Don’t get me wrong, I’m all for expanding coverage. Especially for the poor. Nothing frustrates me more when I have a patient in the ER who would benefit from an outpatient treatment but won’t get it because they don’t have money and/or insurance coverage.
First, a little history. Medicaid was passed in 1965 along with Medicare. However, Medicaid was set up in line with welfare, where there were income eligibility requirements determined by the states. Also, the federal government matched the states outlays to Medicaid as part of the funding process, leading to many of the budgetary problems the states face today.
The program was voluntary, and since states had to pay money to receive money, the poorer states had the most stringent requirements, making only the poorest of the poor eligible and leaving many poor without coverage. Worse, it incentivized people not to work, because earning even a minimal amount of money now made you ineligible for Medicaid.
The worst problem with the setup of medicaid was the lack of cost controls. It was assumed (see reference in the link above for source) that the State determined eligibility requirements and requirement for State matching would be the force to hold costs down. However, Medicaid pays for care, not for insurance. And as the program got larger, costs needed to come down somehow. Benefits were not directly cut (at first, though eventually some benefits were made more restrictive), however payments to providers of that care were.
The federal government determines what the fee schedules are to pay physicians and hospitals. Increasingly, the states are facing budget shortfalls and looking for ways to cut their part of Medicaid, and doing it by holding back payments to physicians and hospitals (usually skewed towards physicians since hospitals have more political influence), limiting access to certain medicines, and again, lowering the thresholds for eligibility.
As a result of these cuts, Medicaid pays physicians and hospitals less than the cost of providing these services. And while hospitals can only write that off, physicians who can choose their patients, choose not to take Medicaid as it is as if the patient is uninsured. Or they limit the number of Medicaid patients they will see. And specialties such as pediatrics which depend highly upon the Medicaid population for their business earn proportionately less than their internal medicine counterparts.
Despite these cost-cutting attempts, Medicaid is still a 200 billion dollars a year behemoth (approximately half of Medicare) that grows more in the lean years and shrinks somewhat during the booming years of the economy.
Getting back to the health care reform issue, one of the main tactics for insuring more people is by increasing the thresholds for eligibility for Medicaid. Yes, this will insure more people. Massachusetts proved this to be the case in their 97% universal health care plan. However, physicians and hospitals that are located in poor areas dominated by Medicaid find they are losing money.
Physicians decide not to see those patients, or give them 4 month waits for a limited number of “Medicaid” appointments, and those patients understandably end up in the ERs getting expensive care that is incompletely reimbursed, thus jeopardizing the solvency of hospitals like Boston Medical Center.

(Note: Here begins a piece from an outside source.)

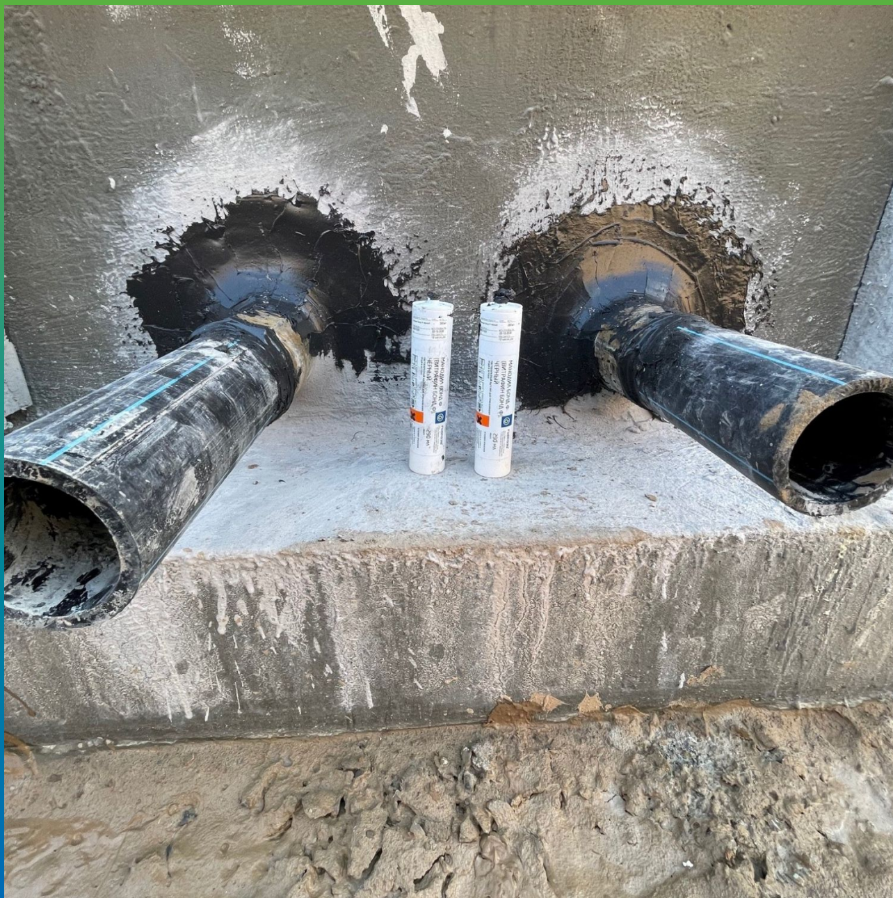
Манодил Бонд ф, нанесенный на ввод коммуникаций

If we model our national health care reform efforts after Massachusetts then we will get the same problems magnified fifty times over: escalating costs, poor access to primary care physicians – especially for those with Medicaid/Medicare, and risk of insolvency of critical hospitals. And the states will have a harder time than they already have making their budgets work, since they will be paying out more to Medicaid than previously (which was already enough to break the budgets).
Since we have the example of Massachusetts to learn from (good aspects and bad aspects) we should learn those lessons – the chief being, MEDICAID MUST BE REFORMED BEFORE IT IS EXPANDED.